Так вот, о лестнице: да, она была длинной. Но длинной не по-голливудски, а просто длинной. Не винтовой, не из благородного дерева, обычная себе лестница на четвертый этаж сильверстонского общежития. Кстати, зданий общежитий на территории Сильверстона было около пятнадцати. И только мне (естественно, я преувеличиваю, не только мне, а еще двумстам людям, что живут в корпусе №3) не посчастливилось находиться как раз над квартирой мистера Граймса. Все остальные учителя имели небольшой домик около школьного озера, но Граймс, как блюститель порядка в Сильверстоне, сам предпочел жить, как он говорил, в «логове врага». За глаза его все только Псом и называли. В этом что-то есть, потому что у него нюх на всякие противозаконные действия, которые можно лишь представить. Так что если тебя бросил кто-то, то напиться в комнате и рыдать у тебя не получится — Пес за пару секунд вычислит, кто источает стойкий запах дешевого алкоголя. Но на самом деле подростки не были бы подростками, если бы не придумали чего-то эдакого. У нас в Сильверстоне все друг за друга горой. Так что если кому-то уж сильно нужно, то остальные сразу начинают устраивать всякие беспорядки (конечно, не слишком большие, в пределах школьного устава), чтобы отвлечь Пса. А тот каждый раз ведется. Не понимаю, как он, бывший военный, еще ни разу не заподозрил никого. Последний раз кого-то ловили года два назад, это мне Люси рассказала. Но даже так кидание настороженного взгляда на дверь апартаментов Пса, когда спускаешься через второй этаж, вошло в привычку. Вот и я украдкой посмотрела на серебристую табличку с надписью «Д. Граймс — Заведующий дисциплиной старшей школы Сильверстон», которая находилась прямо посередине массивной двери, преодолевая тридцать шесть ступенек второго этажа.

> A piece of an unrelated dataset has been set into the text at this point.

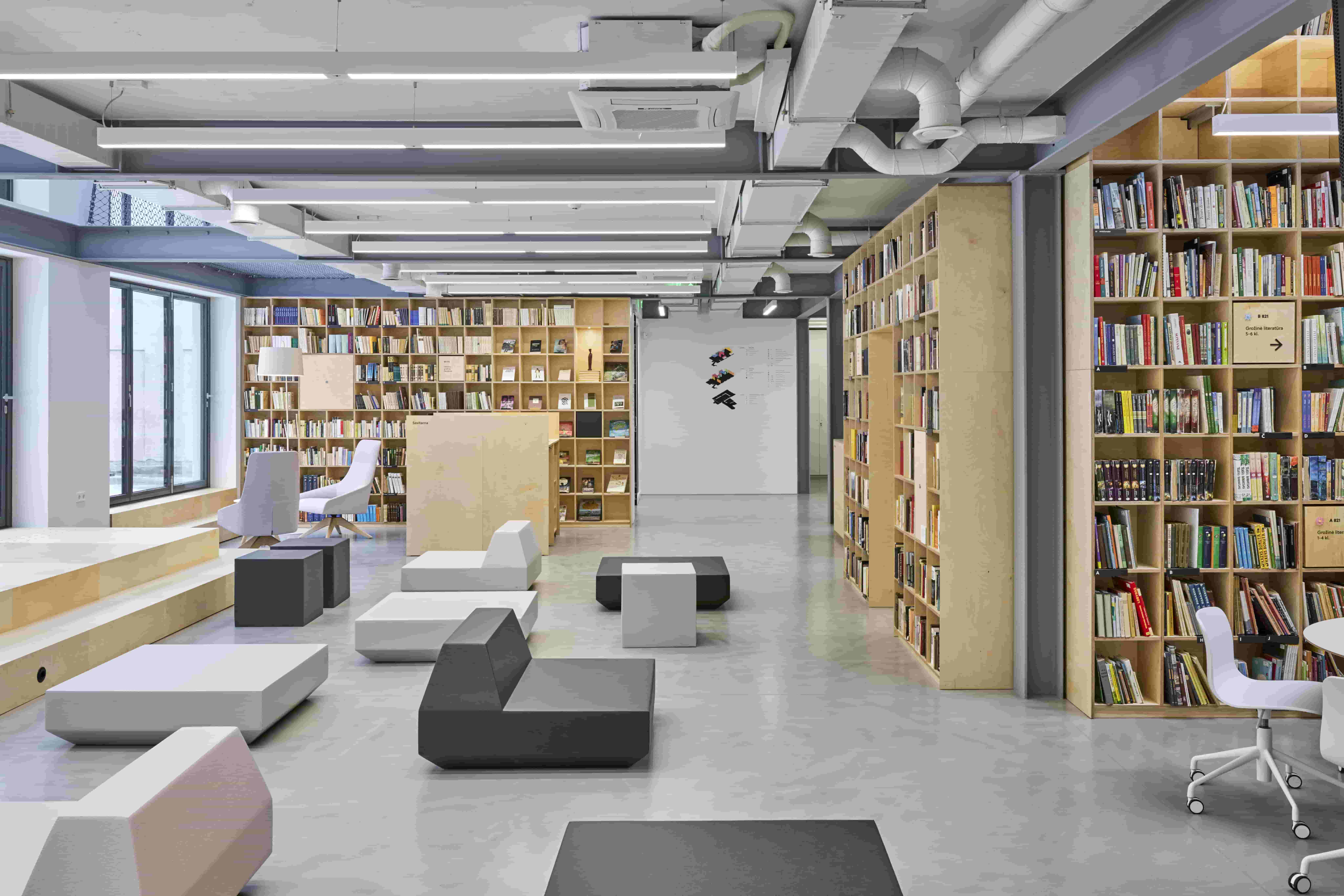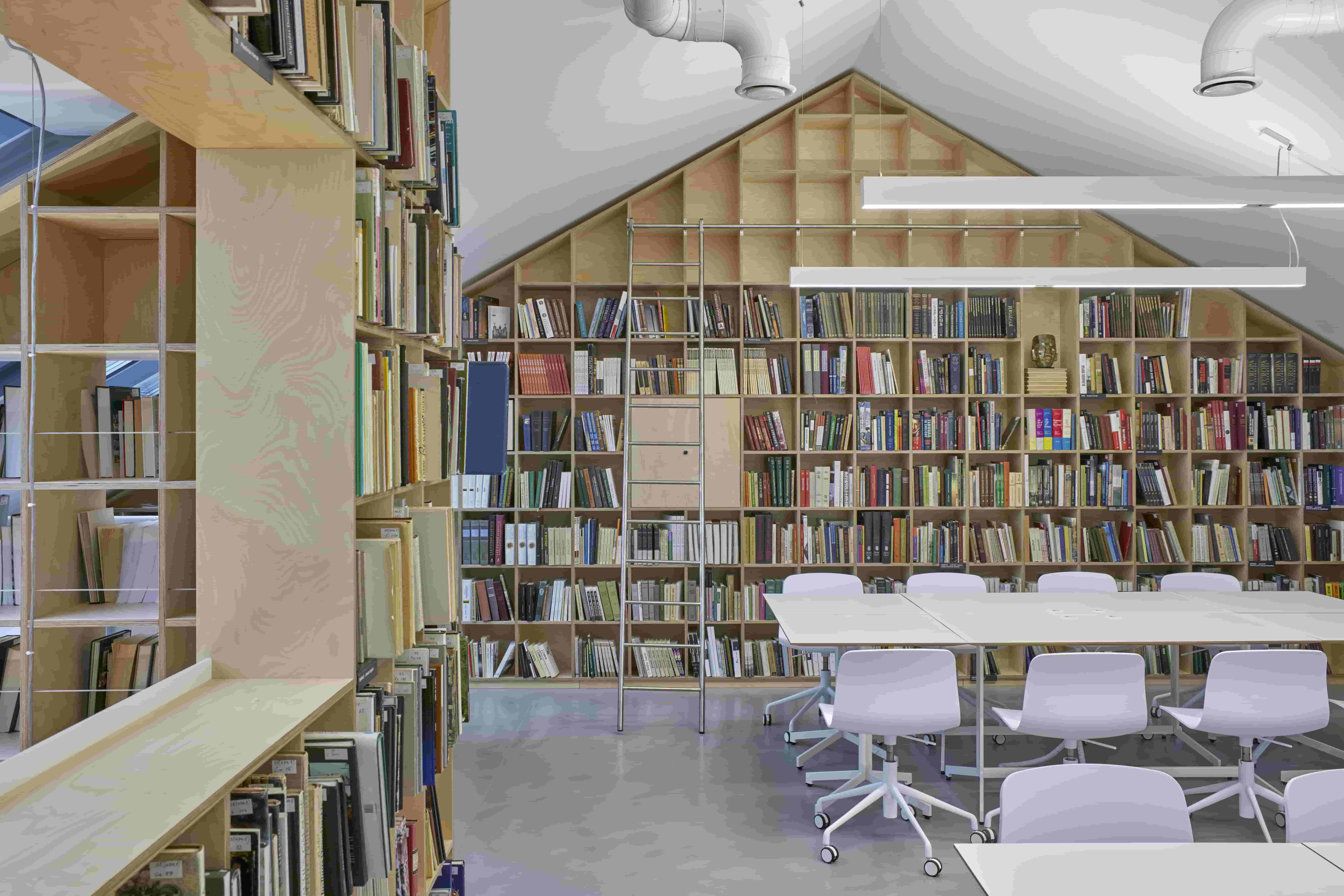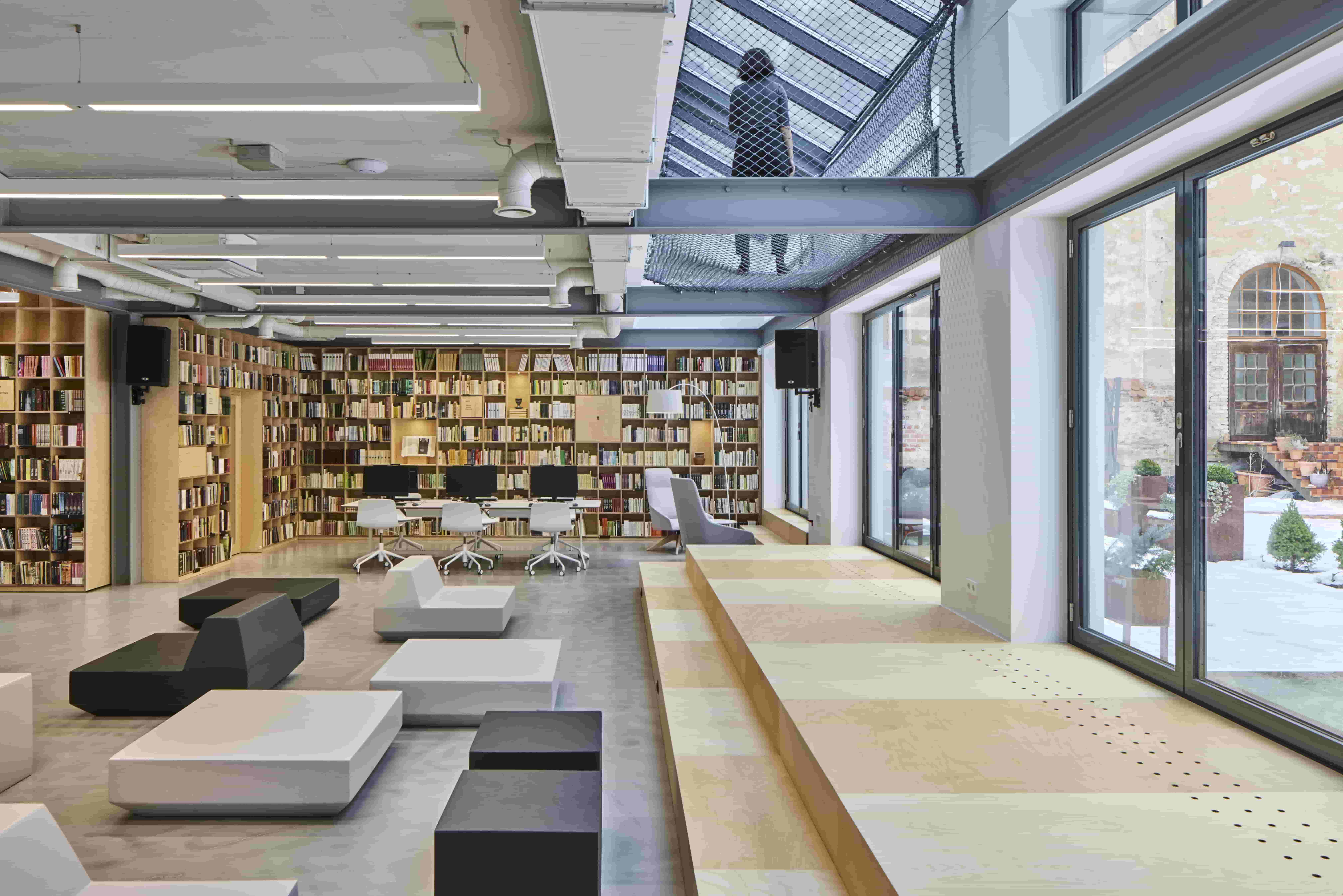 Lojoteka. Edukacinis medijų centras – šiuolaikiška pažinimo ir edukacinė erdvė, skirta gimnazijos bendruomenei ir visuomenei. Lojoteka išplečia tipinės mokyklos bibliotekos ribas – tai moderni, kūrybiškumą skatinanti pažinimo ir edukacinė erdvė. Medijų centre yra knygų saugykla, skaitykla, konferencijų, susitikimų, laisvalaikio erdvės, garso ir vaizdo įrašų bei fotografijos studijos, jaukios individualių ir grupinių darbų patalpos, Jėzuitų bibliotekos fondų katalogo saugykla, lauko terasa.Tai moderni, atvira ir funkcionali erdvė, lengvai pritaikoma individualiam ar grupiniam ugdymosi procesui, edukaciniams eksperimentams, jaukiems susibūrimams, saviugdai, bendravimui ir turiningam laisvalaikiui. Lojoteka. This Educational Media Centre provides a modern cognitive and educational space for the gymnasium community and related public. Lojoteka expands the boundaries of a typical school library, being a modern cognitive and educational space that promotes creativity. The media centre comprises a book depository, a reading room, spaces for conferences, meetings and leisure, audio, video and photography studios, cosy rooms for individual and group work, the Jesuit Library's catalogue room as well as an outdoor terrace. It is a modern, open and functional space easily adjusted for individual or group learning process, educational experiments, cosy gatherings, self-development, communication and meaningful leisure.

Выйдя из здания, любой сразу понял бы, где именно находился Мэтт — его плотно окружили самые разношерстные студенты. Протиснувшись между них, Люси его крепко обняла, а я лишь смущенно осталась стоять рядом. Право, было немного неловко, ведь, как я уже говорила, мы не знакомы. Спустя некоторое время Мэтт кивнул головой в мою сторону, как бы намекая подруге, что был бы не против узнать хотя бы мое имя.

— Знакомься, это Мэган. Мэган Эйприл, моя сожительница и подруга.

Я зачем-то сделала реверанс. Наверное, со стороны это выглядело очень глупо. Мэтт звонко рассмеялся и протянул мне ладонь со словами:

— Мэтт Грин. Мисс Эйприл, приятно познакомиться. — Он тоже мотнул головой, пытаясь изобразить изящное приветствие.

Кажется, мое лицо залилось густым румянцем: по крайней мере, появилось ощущение того, что щеки просто горят. Хотя мне не привыкать — я краснею каждый раз, когда кто-то проявляет любые знаки внимания по отношению ко мне. Ничего не могу с этим поделать!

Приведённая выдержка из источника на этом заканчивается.